→ **Supplied information**:

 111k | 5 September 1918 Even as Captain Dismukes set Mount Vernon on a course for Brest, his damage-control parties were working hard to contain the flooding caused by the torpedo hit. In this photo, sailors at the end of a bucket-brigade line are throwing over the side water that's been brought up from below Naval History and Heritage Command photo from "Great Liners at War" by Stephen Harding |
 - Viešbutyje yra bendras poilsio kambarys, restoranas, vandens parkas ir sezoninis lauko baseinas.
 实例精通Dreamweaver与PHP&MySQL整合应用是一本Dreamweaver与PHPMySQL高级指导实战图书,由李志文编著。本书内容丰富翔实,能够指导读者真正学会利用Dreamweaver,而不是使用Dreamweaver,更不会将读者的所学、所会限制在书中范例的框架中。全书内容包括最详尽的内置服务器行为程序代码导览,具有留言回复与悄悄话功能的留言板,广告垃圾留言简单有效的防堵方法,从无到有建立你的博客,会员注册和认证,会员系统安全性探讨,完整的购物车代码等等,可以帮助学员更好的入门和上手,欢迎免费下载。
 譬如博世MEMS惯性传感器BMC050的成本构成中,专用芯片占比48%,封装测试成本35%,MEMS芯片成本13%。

* * *

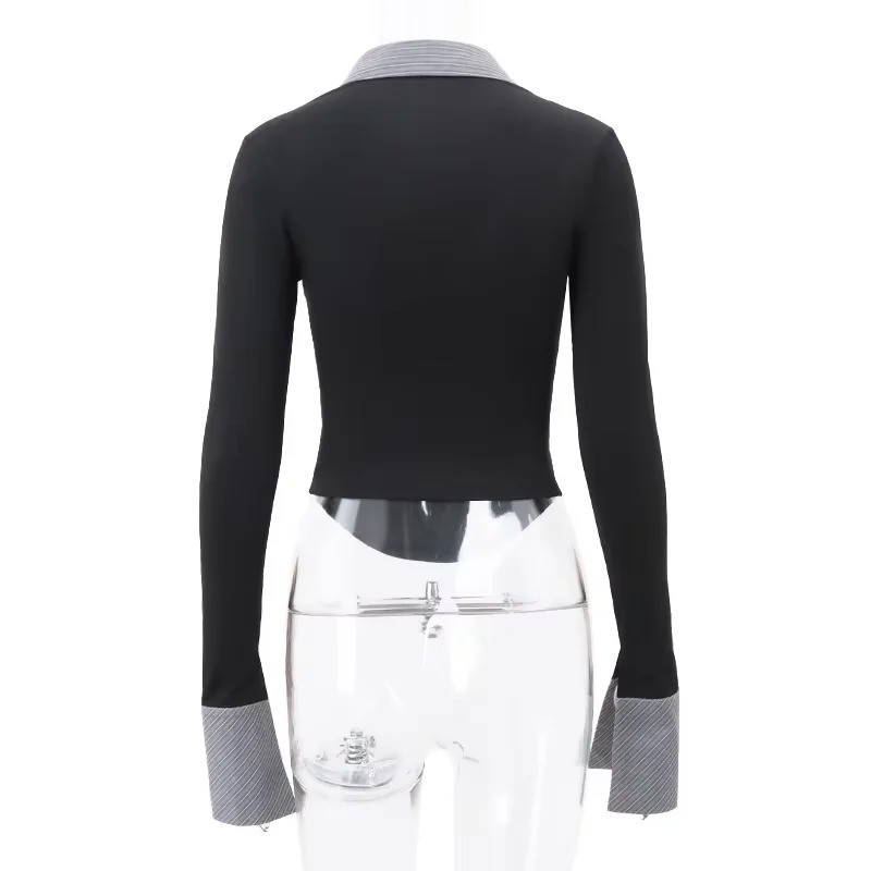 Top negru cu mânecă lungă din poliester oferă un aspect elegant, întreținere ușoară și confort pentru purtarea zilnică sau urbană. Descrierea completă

→ **Task**: Quote the data above from the line containing "- Viešbutyje yra" to the line containing "譬如博世MEMS惯性传感器B", inclusive, and stop.

→ **Output for this task**:
 - Viešbutyje yra bendras poilsio kambarys, restoranas, vandens parkas ir sezoninis lauko baseinas.
 实例精通Dreamweaver与PHP&MySQL整合应用是一本Dreamweaver与PHPMySQL高级指导实战图书,由李志文编著。本书内容丰富翔实,能够指导读者真正学会利用Dreamweaver,而不是使用Dreamweaver,更不会将读者的所学、所会限制在书中范例的框架中。全书内容包括最详尽的内置服务器行为程序代码导览,具有留言回复与悄悄话功能的留言板,广告垃圾留言简单有效的防堵方法,从无到有建立你的博客,会员注册和认证,会员系统安全性探讨,完整的购物车代码等等,可以帮助学员更好的入门和上手,欢迎免费下载。
 譬如博世MEMS惯性传感器BMC050的成本构成中,专用芯片占比48%,封装测试成本35%,MEMS芯片成本13%。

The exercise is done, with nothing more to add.